Task prompt:
Beginning with the line containing "Edie Van Halen" and going on through the line containing "ステーキ・ハンバーグ食べ放題のルールは以下の通りです。", the lines below are to be returned exactly, pictures excluded and nothing added.

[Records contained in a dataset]
------------------------------------------------

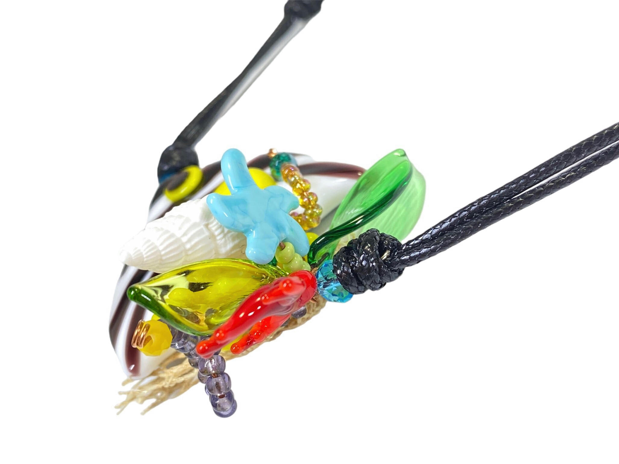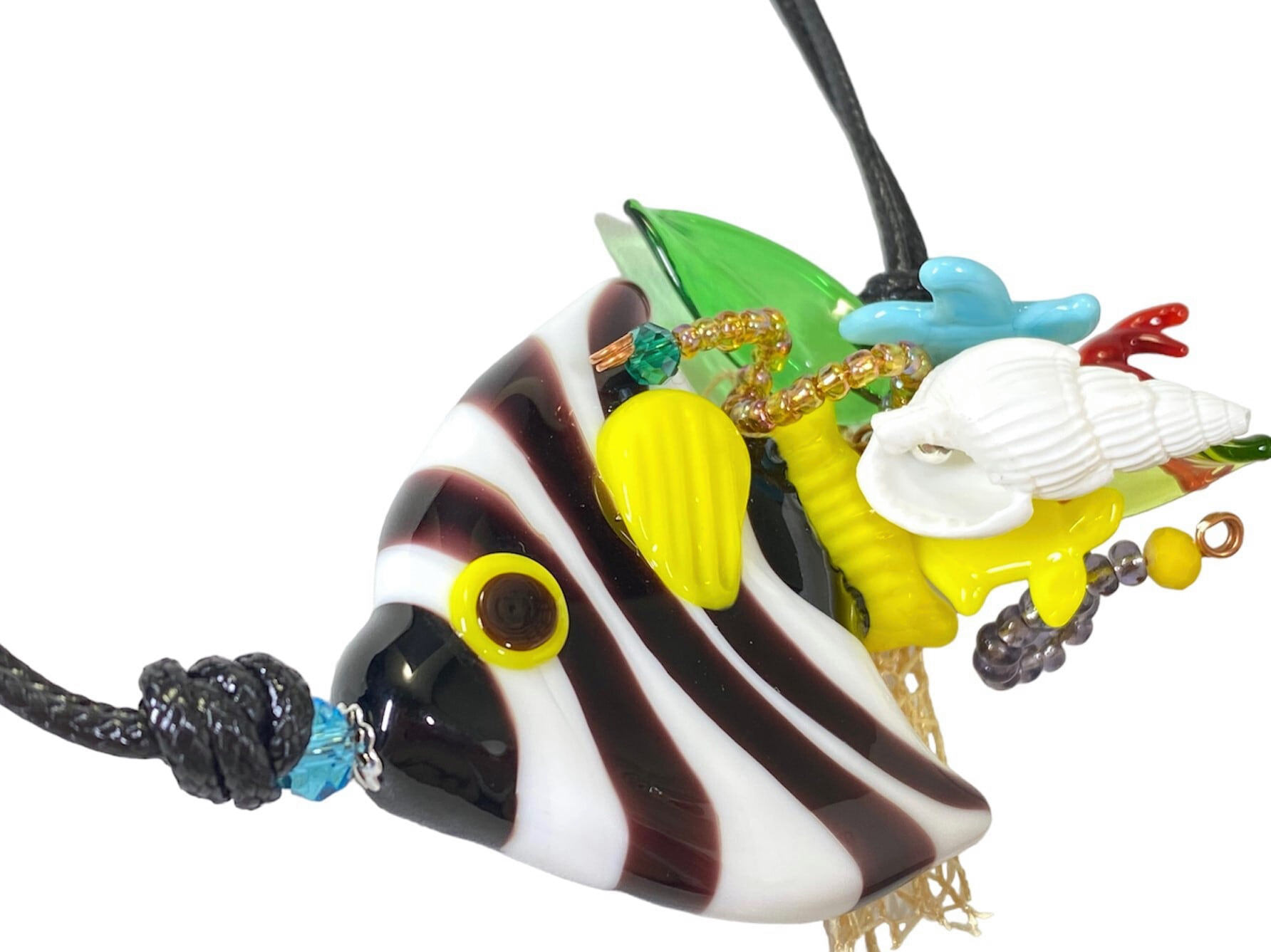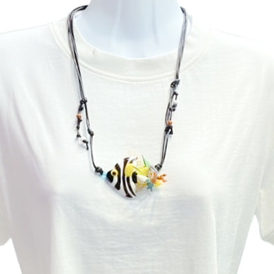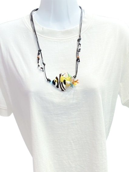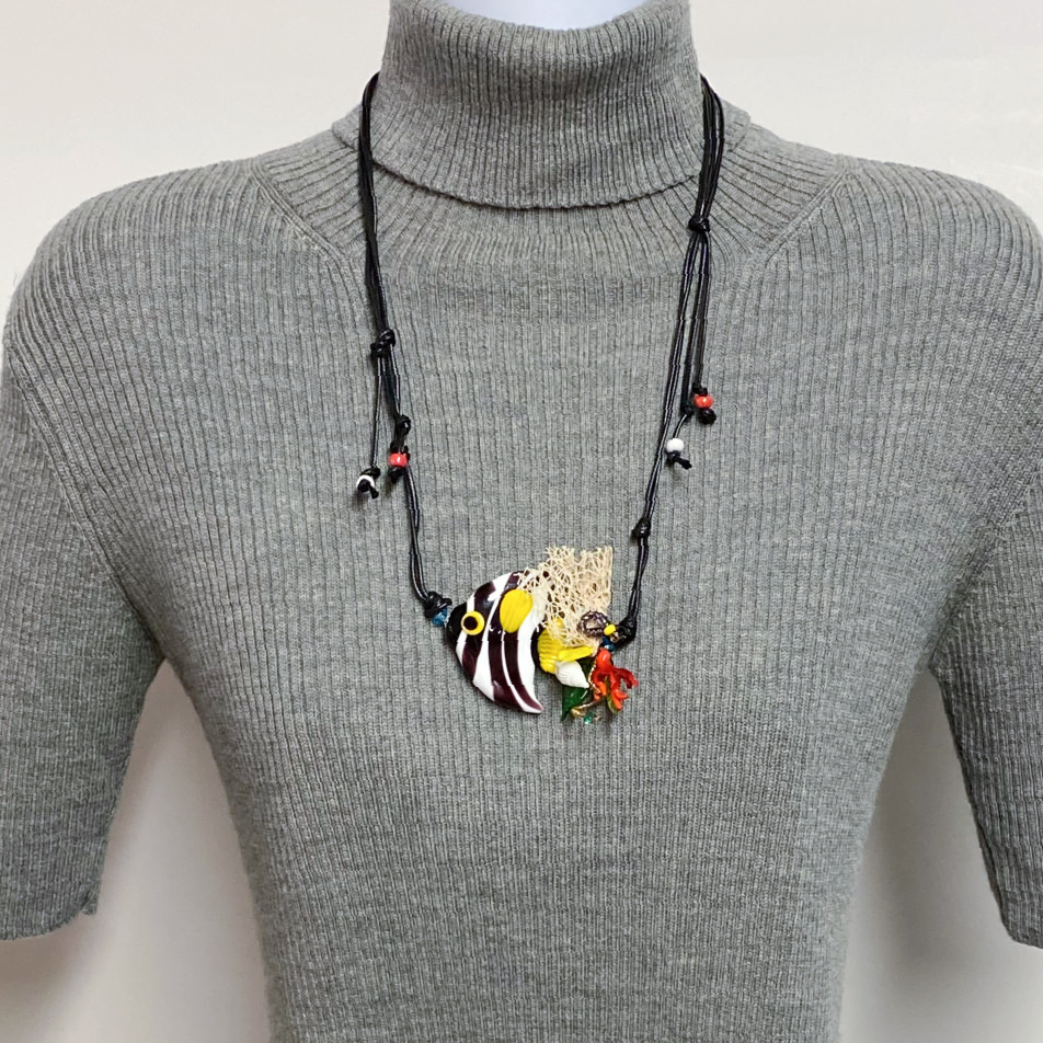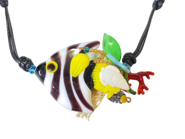 華やかでエキゾチックな熱帯魚の世界観を、ベネチアンガラスのロングネックレスで表現したアクセサリーです。透明感のあるガラス素材に、熱帯魚の美しい彩色が緻密で繊細に施されています。
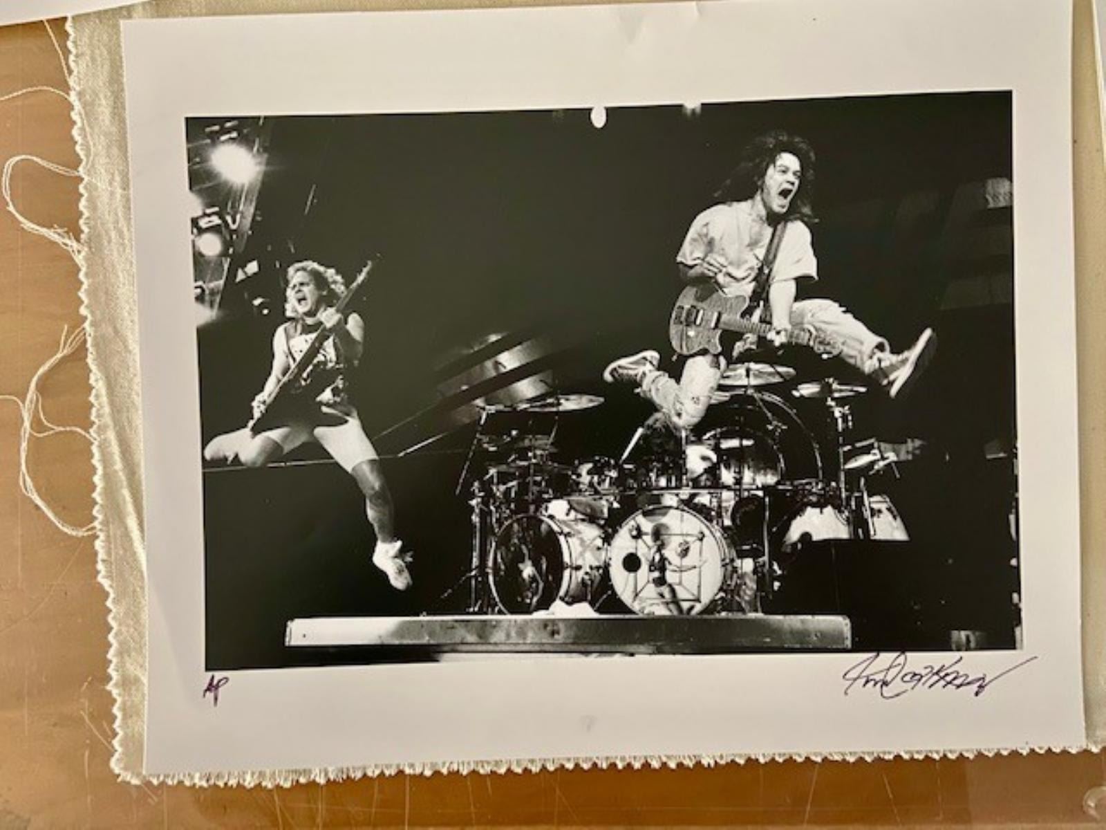 Edie Van Halen really can jump, as proved by this black & white action photo captured by famed photographer Robert Knight. Signed & numbered.
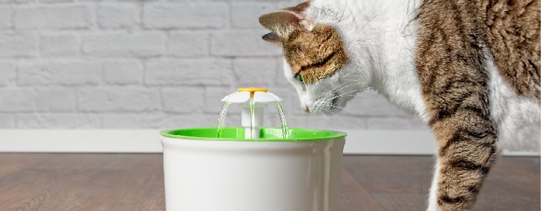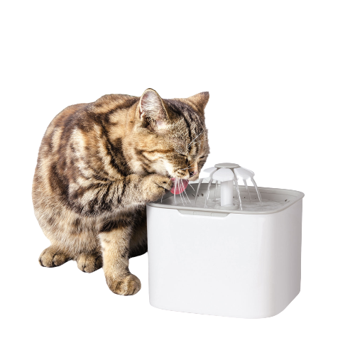 - proposer une fontaine à eau : le mouvement de l'eau attire les chats, elle permet aussi de filtrer l'eau et de la garder fraîche et propre (nettoyez la fontaine en respectant la notice d'utilisation),
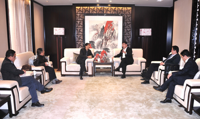 陸金龍董事長與九鼎投資高管洽談項目合作 時間:2013-11-21 5354 11月20日,陸金龍董事長在公司企業展示中心會見了昆吾九鼎投資管理有限公司合伙人岳錦、副總裁朱成彥等高管一行。 在展示中心會客廳,雙方互相介紹了各自公司的發展概況,就西安曲江項目的合作進行了洽談,同時雙方還對企業的管理理念、分配機制以及投融資等方面進行了交流。揚州現代金融投資集團副董事長、總經理劉研、公司高管程杰、陸俊等陪同參加。
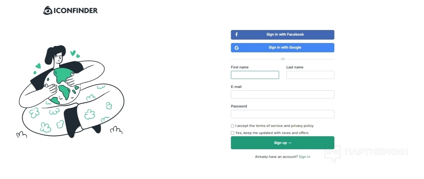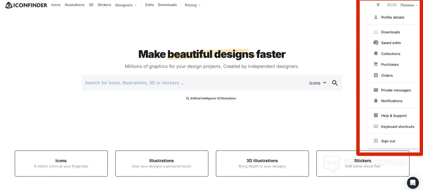 Дополнительных подтверждений Iconfinder не требует, начинать работу можно практически сразу после этого шага.
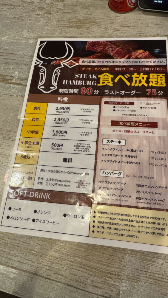 ステーキ・ハンバーグ食べ放題のルールは以下の通りです。
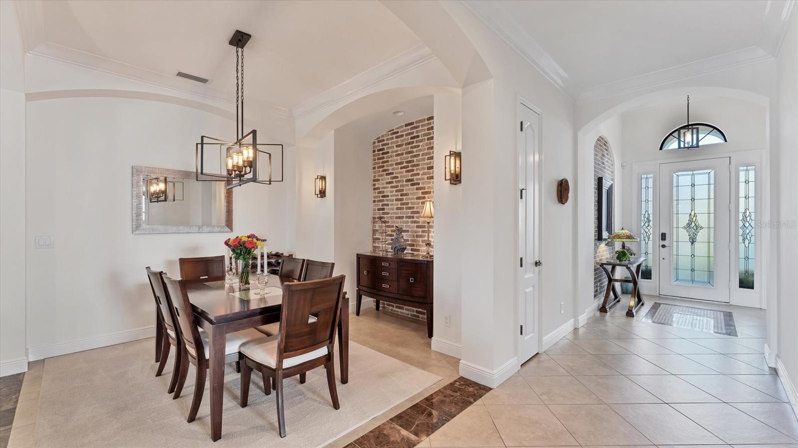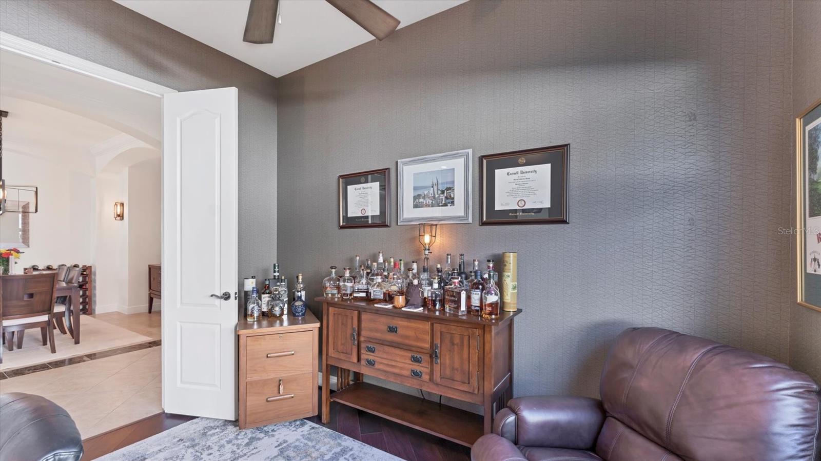 Welcome to this stunning former Lee Wetherington model home, with breathtaking views of a serene lake and lush golf course in Country Club East. This meticulously designed three-bedroom, two-bath home, complete with a den, offers the ideal balance of luxury, privacy and comfort. Decorative features like crown moldings, tasteful arches, neutral paint and subtle wallpaper finishes add elegance throughout. The large great room is an entertainer's dream, with a wood-inlaid tray ceiling, built-in shelving and a decorative brick wall finish that adds warmth and character. The great room opens directly to the expansive paver and brick lanai, which includes a saltwater pool and spa, ideal for relaxing or hosting guests while enjoying the stunning views. Directly off the great room is your kitchen with wood cabinetry, granite countertops, farm-style oversized sink, stainless steel appliances and eat-in dinette area with aquarium windows. The expansive primary suite, at the rear of the home, features a separate sitting area that overlooks the sparkling saltwater pool and spa. The suite also boasts three spacious walk-in closets and a luxurious en-suite bath with dual vanities, a soaking tub and a large walk-in shower. Two additional guest bedrooms at front of the home share a bath, ensuring privacy for all. The den, which features French doors, built-in shelving, and engineered hardwood floors, is ideal for a home office or library. The home also features a three-car garage with plentiful storage space, as well as energy-efficient upgrades, including Icynene attic insulation, Energy Star certification and Greenbuild Certification, contributing to a more sustainable lifestyle. Additional highlights include hurricane-impact sliders and front door, hurricane shutters for other windows and a water softener system for enhanced water quality. Recent upgrades include new pool pump, air-conditioning open free flow system, hurricane impact front door, new electric hot water heater, and updated smoke and carbon monoxide detectors. Country Club East residents enjoy exclusive access to The Retreat, a neighborhood amenity center boasting a resort-style pool, fitness center and billiards room. Additionally, The Residents Club offers another pool, spa, and a volleyball court for residents to indulge in leisure and recreation. For those seeking even more recreational options, just a few streets away lies the Lakewood Ranch Golf & Country Club, featuring 54 holes of golf, 20 Har-Tru tennis courts, multiple pools, and The Lodge bar and restaurant. Residents have the option to avail themselves of these facilities through various membership packages. This home is districted for top A-rated schools and only walking distance to Willis Elementary School and the beautiful Country Club Park, offering both exceptional education and abundant recreation. Discover this gem in Lakewood Ranch, America's top best-selling, planned multigenerational community.
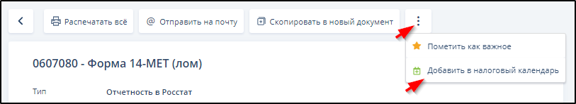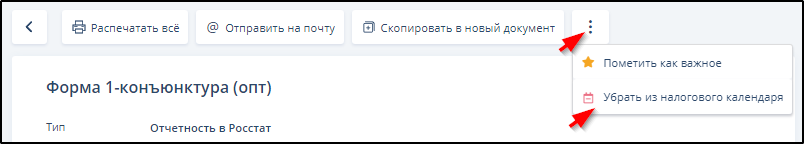 На странице ЭДО при желании можно добавить документ отчётности в список документов, заслуживающих отражения в виджете "Налоговый календарь" раздела "Рабочий стол" или удалить документ из этого списка, если он был туда ранее добавлен.

------------------------------------------------

Written solution:
 Edie Van Halen really can jump, as proved by this black & white action photo captured by famed photographer Robert Knight. Signed & numbered.
 - proposer une fontaine à eau : le mouvement de l'eau attire les chats, elle permet aussi de filtrer l'eau et de la garder fraîche et propre (nettoyez la fontaine en respectant la notice d'utilisation),
 陸金龍董事長與九鼎投資高管洽談項目合作 時間:2013-11-21 5354 11月20日,陸金龍董事長在公司企業展示中心會見了昆吾九鼎投資管理有限公司合伙人岳錦、副總裁朱成彥等高管一行。 在展示中心會客廳,雙方互相介紹了各自公司的發展概況,就西安曲江項目的合作進行了洽談,同時雙方還對企業的管理理念、分配機制以及投融資等方面進行了交流。揚州現代金融投資集團副董事長、總經理劉研、公司高管程杰、陸俊等陪同參加。
 Дополнительных подтверждений Iconfinder не требует, начинать работу можно практически сразу после этого шага.
 ステーキ・ハンバーグ食べ放題のルールは以下の通りです。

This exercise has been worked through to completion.